Bottom Line: special interests still rule the House. In the middle of the worst fiscal crisis in the state's history, House leaders stubbornly refuse to touch the fat in state government, opting instead to raise taxes to protect the accumulated pork of seven years of drunken-sailor spending. They will cut some programs for the neediest citizens, and they appear to be putting unwarranted trust in the federal government to come through with a state bailout. The Senate, far more responsible with our taxpayer money, is hoping to hold the line, but you can still expect modest tax increases and only a light trim on spending. There will still be plenty of special interest fat in the budget, and our taxes will go up.

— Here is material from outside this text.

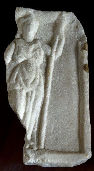 - Mythische Figur : stehende Minerva im langen Chiton, mit Lanze und Helm.

House leaders have already killed a bill to cut out the $82 million giveaway to the Hollywood movie industry, even though we know this "incentive" to make films in New Mexico produces a return of 14.4 cents on the dollar. But this is one of the governor's pet projects, so, of course, taxpayers interests don't count. Instead, the House on Friday passed a bill raising gross receipts taxes by one half of one percent, to raise $300 million. More than one quarter of this amount will go just for the welfare check to Hollywood. Teachers unions are lobbying hard to keep salaries of teachers untouched by fiscal hardship, as though somehow they were more needy than, say, veterans or the disabled, or the mentally ill, who will all face cuts. After lavishing the governor last year with the "Best Education Governor of the Year Award," hey, aren't they entitled to more than their fair share? University professors will take a cut in salary. But who cares? They didn't do anything to make the governor feel better last year, so there!
Speaking of universities, a full year after the scandals of the unbelievably high salaries for the newly bloated top bureaucracy at UNM, nothing has happened to change this, not even the seriousness of the fiscal crisis. And after years of increasing politicization of that university, and a year after the faculty gave an unprecedented vote of no confidence for both the president and board of regents member Jamie Koch, and in the middle of other scandals at UNM, the Senate voted with only five dissenting votes to confirm Jamie Koch, the governor's buddy, to another term as regent. Rewarding failure? Yes, but only for the top levels, just like they do on Wall Street.
The Senate is likely to pass a bill (SB182) recapturing about $150 million from capital outlay funds encumbered but not used. This sounds like a sensible way of avoiding further cuts. About $11 million of this will come from Dona Ana County. Sen. Michael Sanchez has a bizarre plan to raise several hundred million through bonds that dig into the state's permanent fund, as I understand it. Knowing some of the Senate Finance Committee members, I doubt this will get very far. The governor already raided the permanent fund several years ago to raise the cost of education, and with zero accountability: we still have no idea what happened to that money, but we do know student performance did not improve one bit and that the NEA gave him a national award. Expect the Senate to raise gross receipts taxes selectively, raising maybe $75 million compared to the $300 million in the House version.
All in all expect the Senate to come up with an appropriation budgeted at about $5.2 billion, compared with a House appropriation of $5.6 billion. Let's see if the Senate has the guts to treat public education like everything else, with modest cuts. And let's see if they have the guts to cut the governor's $10 million equestrian center for Albuquerque, which was slipped in again this year.
Reps. Andy Nunez and Joseph Cervantes are sponsoring a bill to create a permanent revenue stream for colonias infrastructure. Sen. Papen will sponsor the bill in the Senate. Native Americans are asking for the same thing for their communities. A few weeks ago I posted a note about a meeting various legislators had with community leaders in Mesquite to discuss the upcoming legislative session. Basic infrastructure in the neediest areas of the county--not equestrian centers, or higher paychecks for teachers, or welfare checks to Hollywood--were uppermost on their minds, very different priorities. It's good to know somebody in Santa Fe is fighting to do right for the South Mesilla Valley.
Grades: to the House: These are not normal times. We have a fiscal crisis on our hands. For failing to cut the fat, for demanding that taxpayers dig into their pockets to keep funding fat, and for failure to spread the pain evenly: D- so far this session. I know you can do much better than this.
To the Senate: Solid B so far, in spite of the vote on Koch. Could end up with an A if leadership is willing to keep fighting the battle of the fat and hold the line on spending.